The json2features function also prints when a task is finished and how long it took. json2features函数还会在任务完成时以及花费的时间内打印。 It all runs on an ubuntu server with 48 cores and like I said above, it starts out great, using all 47 cores. 它全部运行在一个拥有48个核心的ubuntu服务器上,就像我上面所说的那样,使用全部47个核心,它开始很棒。 Then as the tasks get completed, fewer and fewer cores run, which at first sounds perfectly ok, where it not because after the last core is finished (when I see its print to stdout), all CPUs start running again on new tasks, meaning it wasn't really the end of the list. 然后,当任务完成时,运行的核心越来越少,这听起来完全没问题,不是因为在最后一个核心完成之后(当我看到它打印到stdout时),所有CPU都开始在新任务上再次运行,这意味着这不是真正的清单结束。 It may do the same thing again, and then again for the actual end of the list. 它可能会再次执行相同的操作,然后再次执行列表的实际结束。

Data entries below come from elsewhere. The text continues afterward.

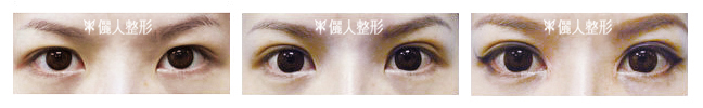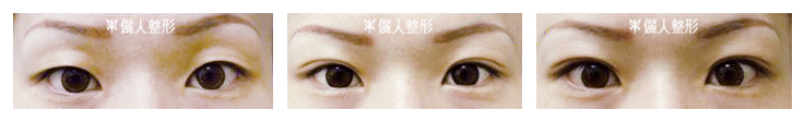 上圖例左至右是術前、縫雙眼皮後及開眼頭後。術前兩眼距較遠,做完這兩種手術後眼睛變明亮,眼距變近,眼頭內側肉阜可以露出來。
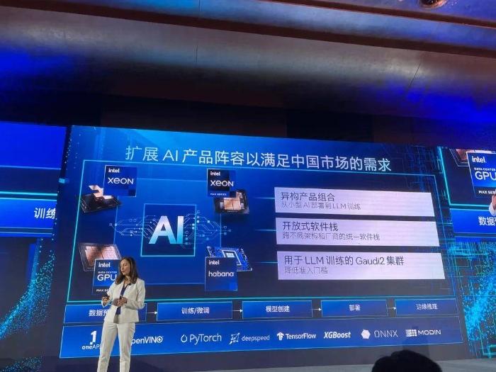 此外,英特爾還提到了其通用計(jì)算和加速計(jì)算的產(chǎn)品線。在通用計(jì)算方面,英特爾的第四代至強(qiáng)處理器(英特爾AMX)提供了高性能的AI推理和訓(xùn)練能力,滿足了大部分模型較小場(chǎng)景的需求。而Gaudi2作為加速計(jì)算的解決方案,則專注于大模型的訓(xùn)練和推理需求。
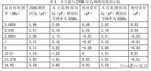 4. 實(shí)驗(yàn)數(shù)據(jù)與處理 以S&A公司的250B作為標(biāo)準(zhǔn)儀器,將采用本方案所測(cè)得的C0值與250B的測(cè)量結(jié)果進(jìn)行比對(duì),檢驗(yàn)測(cè)量精度是否滿足工業(yè)生產(chǎn)要求。在工業(yè)生產(chǎn)中,要求石英晶體靜電容的測(cè)量范圍為1~10pF,測(cè)量誤差小于0.1pF。實(shí)驗(yàn)數(shù)據(jù)如表1所示:
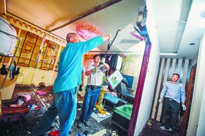 昨天上午,在朝阳区九龙花园,工人对一处群租房内的隔断进行拆除。
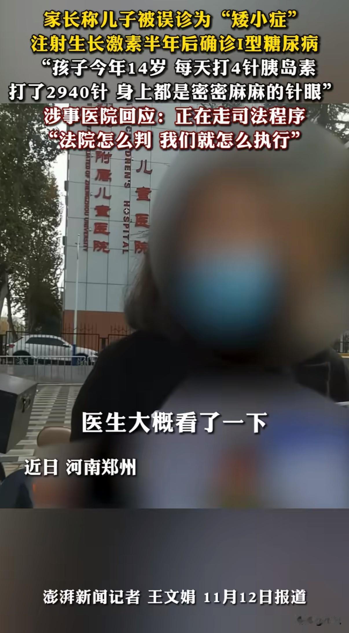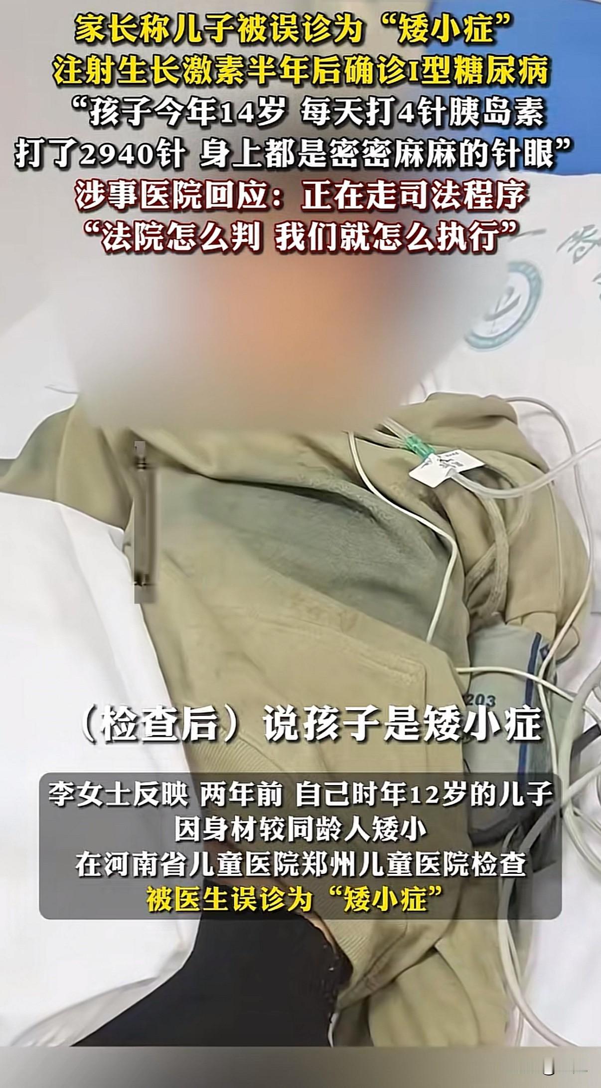 "孩子打完这些针就能长高了吧?" "肯定有效果,很多孩子都在用。" 两年后,这个对话成了这个家庭最痛心的回忆。12岁男孩因身高偏矮,在河南省儿童医院被诊断为"矮小症"。半年生长激素治疗后,等来的不是理想身高,而是一纸"I型糖尿病"诊断书,终身离不开胰岛素。 孩子妈当时就哭了:"这半年孩子身上密密麻麻的针眼,现在每天还要打胰岛素,到底图什么?" 司法鉴定写得明白:"矮小症"是误诊。医院没查清楚就用药,还没监测血糖,错得明显。 但有个细节让人想不通:医学上每天打1针,半年顶多180针。可家属记录了2940针,平均每天16针。这个数字背后,是不是有什么我们不知道的内情? 更让人深思的是,生长激素不是普通维生素。它对身体是种强力干预,用在本身就敏感的孩子身上,就像火上浇油。 现在医院说要走法律程序,可再多的赔偿,能换回孩子的健康吗? 每次看到这样的医疗悲剧,就在想:我们到底需要怎样的医疗?是流水线式的看病,还是真正为患者着想的诊疗?
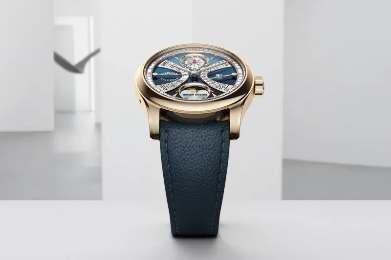 Zatímco základní mechanika věčného kalendáře a biretrográdního zobrazení přímo navazuje na Dubuisovu práci z roku 1995, celková konstrukce a barevná paleta číselníku působí naprosto moderně. A co je nejdůležitější, tato kreace nese moderní certifikaci Poinçon de Genève (Ženevská pečeť), což je závazek kvality, který Roger Dubuis od počátku své nezávislosti ctil. Design s pouzdrem o průměru 38 mm připomíná elegantní proporce před rokem 2000, ale celkové zpracování vyzařuje vytříbenost, jakou dnešní Haute Horlogerie vyžaduje.
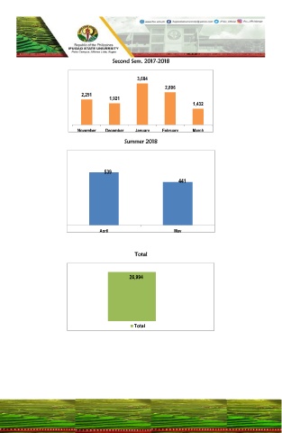 Second Sem. 2017-2018 3,684 2,896 2,251 1,921 1,432 November December January February March Summer 2018 539 441 April May Total 26,994 Total
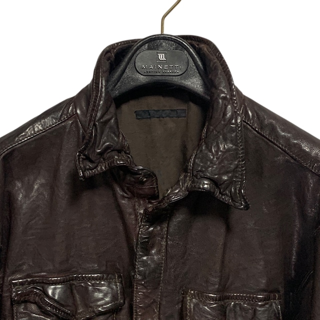 "Zegna" Military Leather Jacket レザー ミリタリー メタル ダブルジップ サイドゴム カーキ デザイナーズ
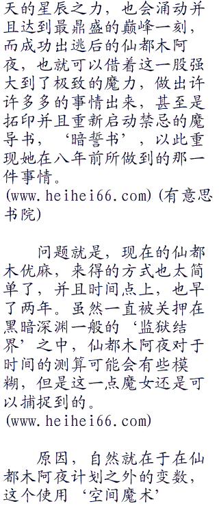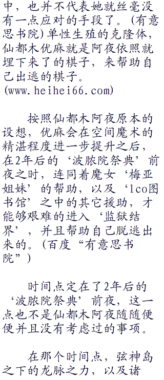 而连夜则是惊叹的把视线从优麻和魔女身上来回转移,作为单体生殖所诞生的优麻,有着与仙都木阿夜完全相同的容貌,不过,连夜却很清楚,仙都木阿夜,和仙都木优麻,单论各自的灵魂而言,完全是截然不同的两人。

Sometimes it can be using just one core for 5 minutes, and when the task is finally done, it starts using all cores again, on new tasks. 有时它只能使用一个核心5分钟,当任务最终完成时,它会再次开始使用所有核心,处理新任务。 (So it's not stuck on some IPC overhead) (所以它不会停留在某些IPC开销上)

There are no repeated jsons, nor any dependencies between them (it's all static, fresh-from-disk data, no references etc..), nor any dependency between json2features calls (no global state or anything) except for them using the same terminal for their print. 没有重复的jsons,也没有任何依赖关系(它们都是静态的,新鲜的磁盘数据,没有引用等等),也没有json2features调用之间的任何依赖关系(没有全局状态或任何东西),除了它们使用相同的终端他们的印刷品。

I was suspicious that the problem was that a worker doesn't get released until get is called on its result, so I tried the following code: 我怀疑问题是工作人员在调用get结果之前不会被释放,所以我尝试了以下代码:

from multiprocessing import Pool
pool = Pool(47)
tasks = [pool.apply_async(print, (i,)) for i in range(1000)]
# feats = [t.get() for t in tasks]

And it does print all 1000 numbers, even though get isn't called. 并且它会打印所有1000个数字,即使没有调用get

I have ran out of ideas right now what the problem might be. 我现在已经没想到问题可能是什么了。
Is this really the normal behavior of Pool ? 这真的是Pool的正常行为吗?

Thanks a lot! 非常感谢!

The multiprocessing.Pool relies on a single os.pipe to deliver the tasks to the workers. multiprocessing.Pool依赖于单个os.pipe将任务交付给worker。

Usually on Unix , the default pipe size range from 4 to 64 Kb in size. 通常在Unix ,默认管道大小范围为4到64 Kb。 If the JSONs you are delivering are large in size, you might get the pipe clogged at any given point in time. 如果您提供的JSON大小很大,您可能会在任何给定的时间点堵塞管道。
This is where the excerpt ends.